El teléfono se puede usar como un ordenador de cierta potencia conectado a un televisor o un monitor con la tecnología DeX. La novedad es que va a poderse conectar el ordenador con un simple cable USD.

S-Pen, más funcional

Quien también mejora en este nuevo lanzamiento es el S-Pen, el tradicional lápiz de la familia Galaxy Note. Samsung añade las acciones con bluetooth gracias al nuevo sensor de 6 ejes que equipa para interactuar con diversas aplicaciones.

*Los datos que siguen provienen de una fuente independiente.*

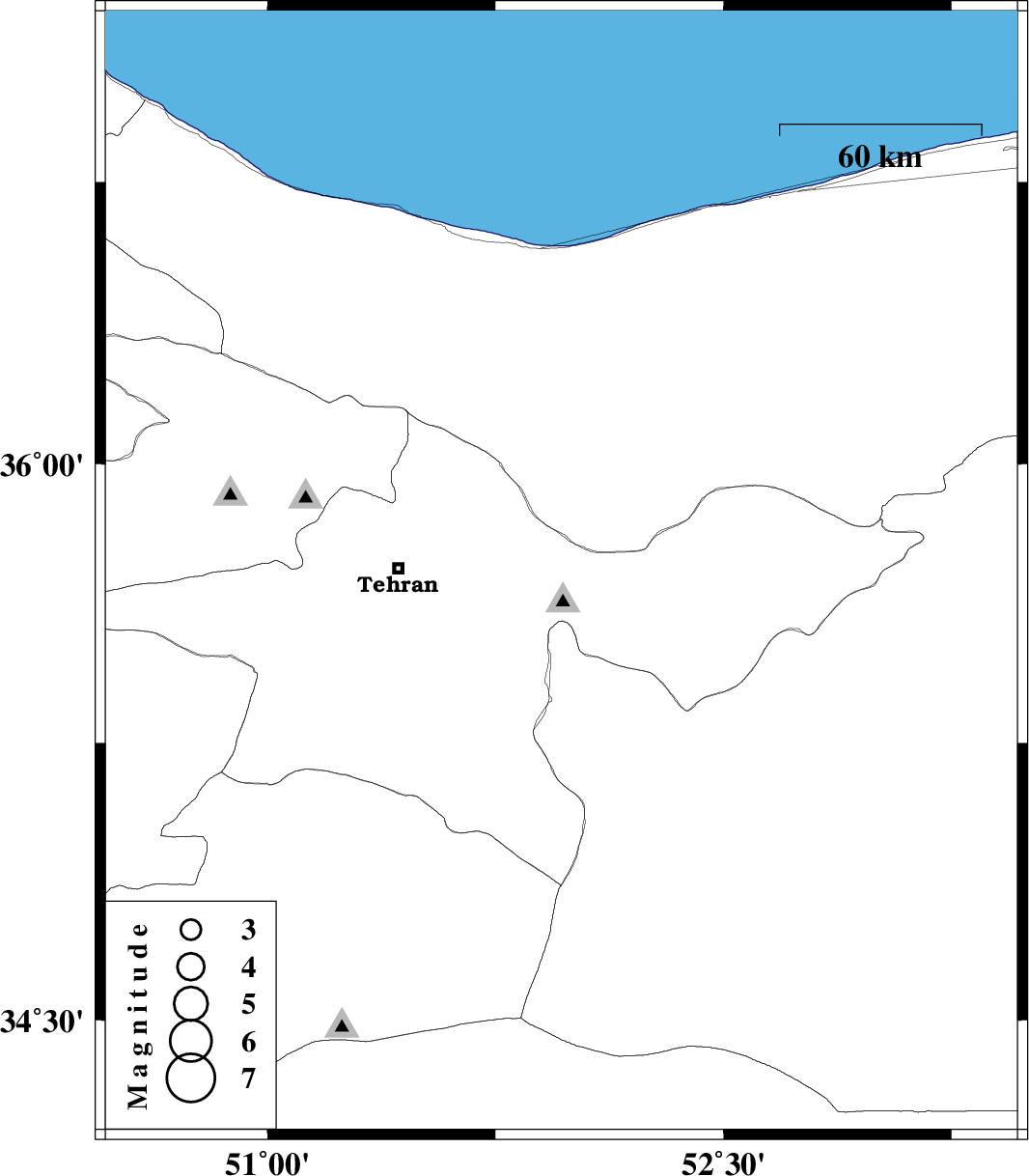 | 2025/10/27 | 12:19:56.0 | 15:49:56.0 | 35.702 | 51.967 | 12 | ML2.9 | Tehran Province, 10 km -West of Damavand |

Con un poco de entrenamiento previo para el usuario, el S-Pen puede cambiar de cámara con un simple gesto de muñeca o, por ejemplo, subir y bajar el volumen en Youtube o adelantar el vídeo. Además, el S-Pen está «abierto a desarrolladores para ser utilizable para juegos en el futuro», apuntan a este periódico responsables de Samsung.

La familia de los Note es un firme competidor para los portátiles y ordenadores de sobremesa. Con «una fácil conversión de escritura a mano a texto», Samsung busca convertirse en una oficina portátil para trasladar las notas tomadas con el S-Pen a un PDF, a un texto o en una imagen, todo «con un simple toque».